Aquaculture is one of the fastest growing industries in the world and we'll soon hit the point where the majority of aquatic products consumed will be from these farms. There is an interesting 20 year summary here.
With any move of new species to mass production, new and smarter ways to monitor what is going on is going to be absolutely critical. What a great place for streamlined high-throughput proteomics! Sequence that mussel or oyster's DNA with 4,000x coverage if you want (I'm sure someone will) it's not going to give you insight into how that organism is responding to stresses.
This group took a look at some aquaculture species when proteomic samples were created with FASP, S-Trap and SP3.
The samples were analyzed with a Q Exactive HF to see which method they'd use for monitoring aquaculture stresses. I should note that this appears to be more exploratory than what would make a good "is that oyster farm stressed out" due to the use of 80 minute gradients and 120k/30k resolution scans. It should also be pointed out, as the authors themselves highlight, that these results might be affected by the not-entirely-100% comprehensive protein FASTAs for the organisms they studied.

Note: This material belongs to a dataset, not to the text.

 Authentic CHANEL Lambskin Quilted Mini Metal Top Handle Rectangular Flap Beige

In general, though, all 3 methods perform well and they all have peptides that are not caught by the others. For characterizing what the authors wanted to, FASP seemed to have a narrow lead over SP3, with S-Trap just behind, but S-Trap resulted in the highest number of unique proteins identified.

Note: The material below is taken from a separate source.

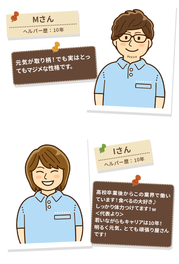 障害の種類や症状の程度によって必要とする介護は異なりますが、経験はもちろんのこと、常に利用者様の立場に立った行動と姿勢で最大限のサービスを提供させていただきます。

A good summary is probably that people use all 3 methods for good reason and what really matters is consistency. A big part of my first year back in academia has been collecting as many digestion protocols that people have inherited from grad students long gone and
(not that, but I've definitely thought about it when I've seen some that were clearly written before my time.... )
traded them for the S-Trap quick card protocol. Maybe there are peptides that we're missing that SP3 could catch, but I absolutely prefer the thought that the 2 S-Trap 96-well plates I'm doing digestions with today will look just like the digestions from the S-Trap spin columns that a collaborator used 6 months ago.